→ **WORK INSTRUCTION**: Every line of the data below must be output exactly, with images left out.

→ **DATA SUPPLIED**:
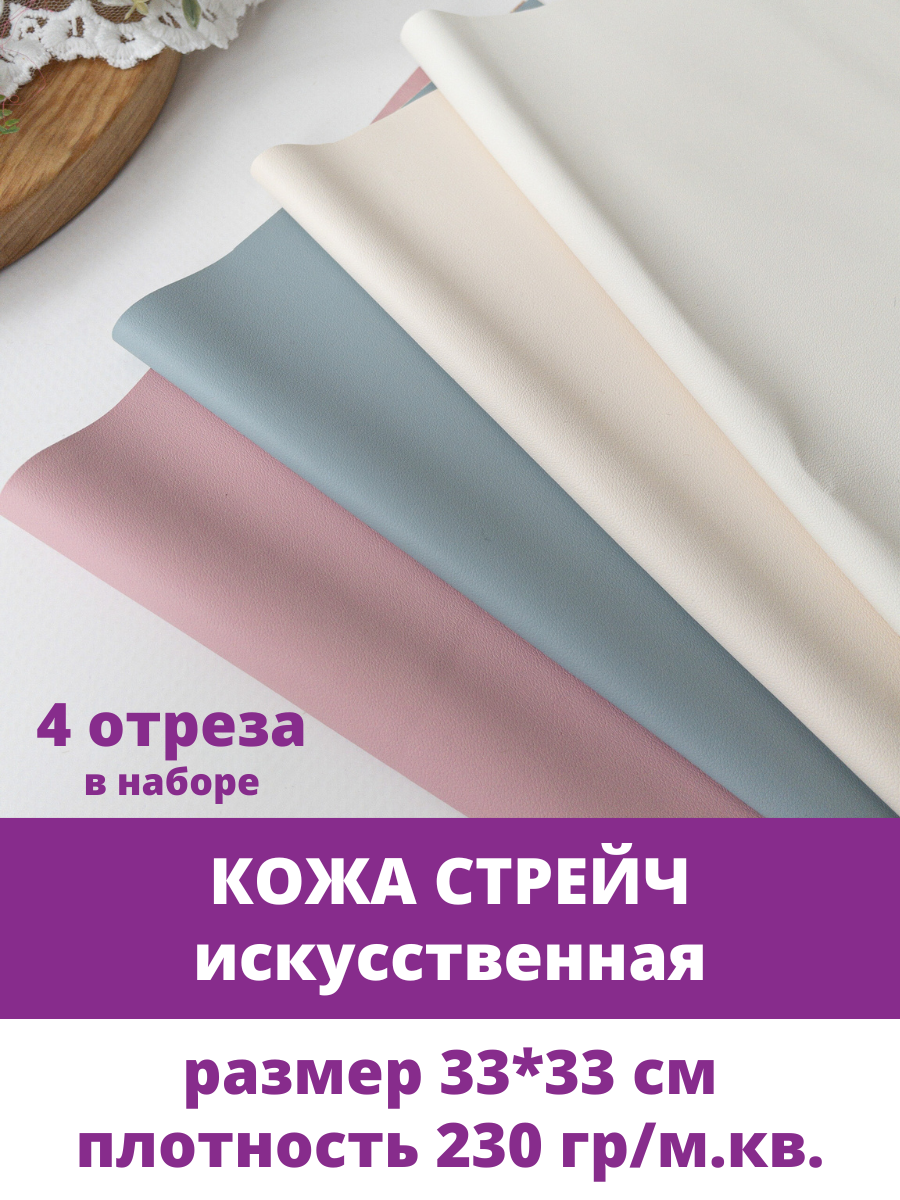 Отзывы на Кожа стрейч ткань искусственная для рукоделия, набор Светлые оттенки, 4 листа
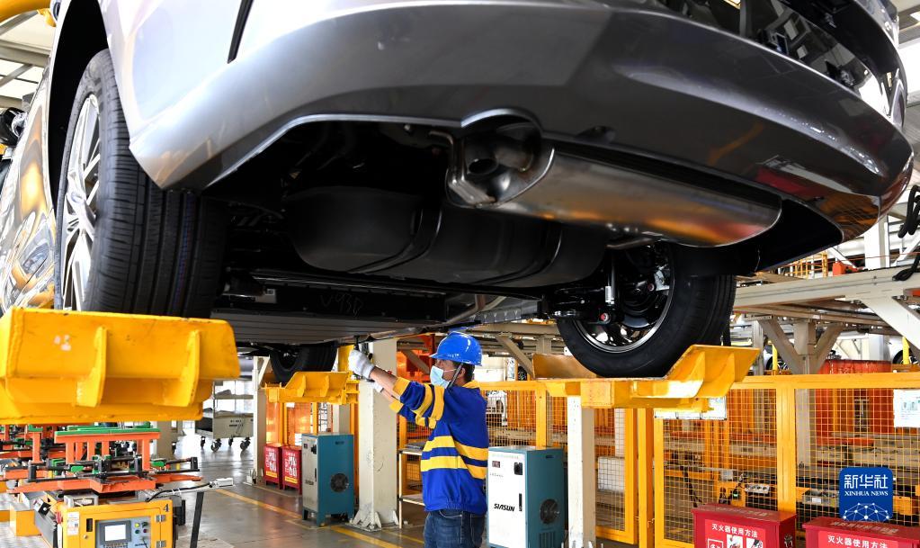 工作人员在西安比亚迪草堂工业园汽车总装厂进行新能源汽车装配(2022年4月20日摄)。新华社记者 刘潇 摄
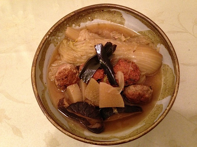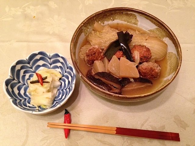 昨年のNCM2日本ミッションツアーの時に博多駅で茅乃舎さんの野菜だしを手に入れたので、白菜、大根、干し椎茸、ごま油で炒めたターキーのミートボールを入れて、煮込んでみました。
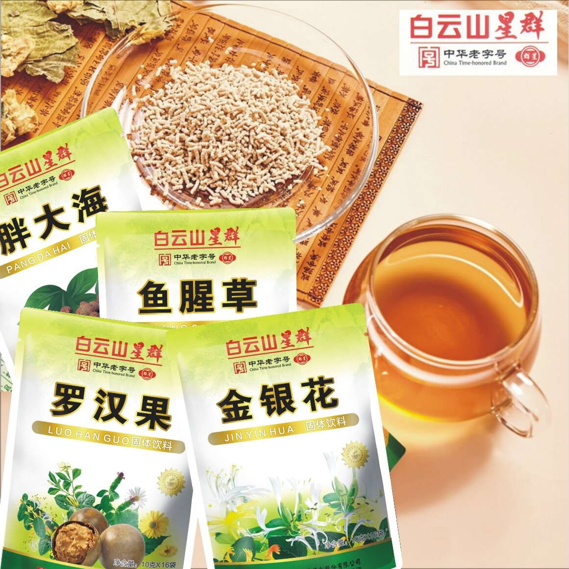 3 packs of Baiyunshan honeysuckle herbal tea, fat sea, Houttuynia cordata, Guangdong herbal tea Qinghuo granules, Xiahuowang hot granules N
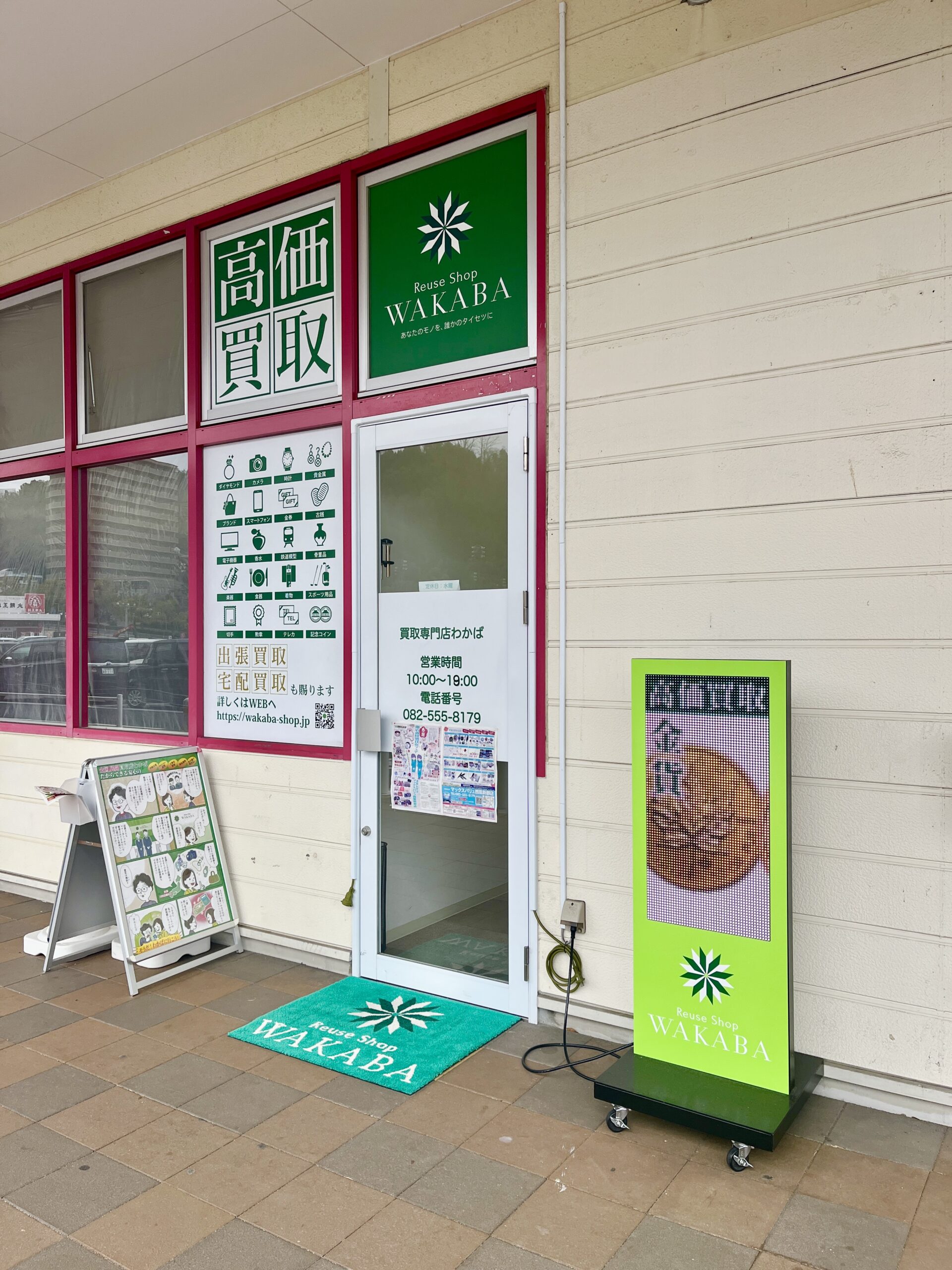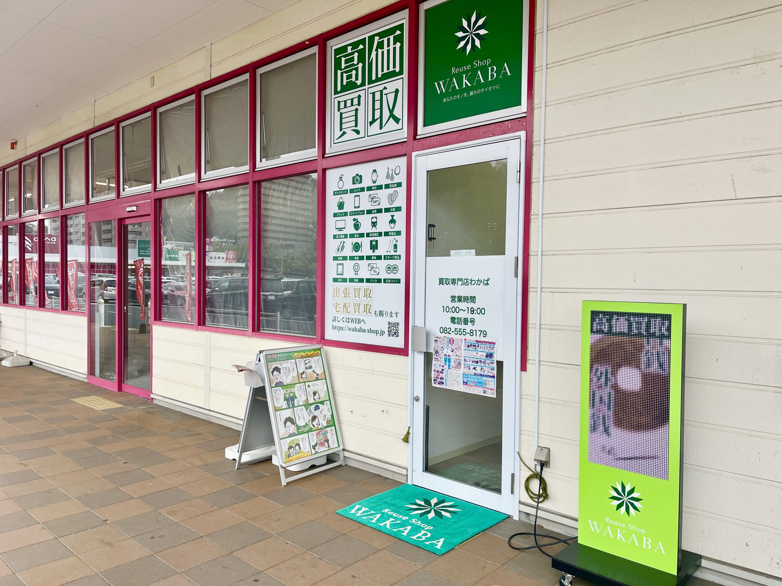 コチラは広島市安佐南区大塚西にあるリユースショップ「買取わかば マックスバリュ西風新都店」です。貴金属、ブランド品、切手、宝石など幅広いアイテムを扱っており、全国で250店舗以上を展開しています。

→ **ANSWER**:
 Отзывы на Кожа стрейч ткань искусственная для рукоделия, набор Светлые оттенки, 4 листа
 工作人员在西安比亚迪草堂工业园汽车总装厂进行新能源汽车装配(2022年4月20日摄)。新华社记者 刘潇 摄
 昨年のNCM2日本ミッションツアーの時に博多駅で茅乃舎さんの野菜だしを手に入れたので、白菜、大根、干し椎茸、ごま油で炒めたターキーのミートボールを入れて、煮込んでみました。
 3 packs of Baiyunshan honeysuckle herbal tea, fat sea, Houttuynia cordata, Guangdong herbal tea Qinghuo granules, Xiahuowang hot granules N
 コチラは広島市安佐南区大塚西にあるリユースショップ「買取わかば マックスバリュ西風新都店」です。貴金属、ブランド品、切手、宝石など幅広いアイテムを扱っており、全国で250店舗以上を展開しています。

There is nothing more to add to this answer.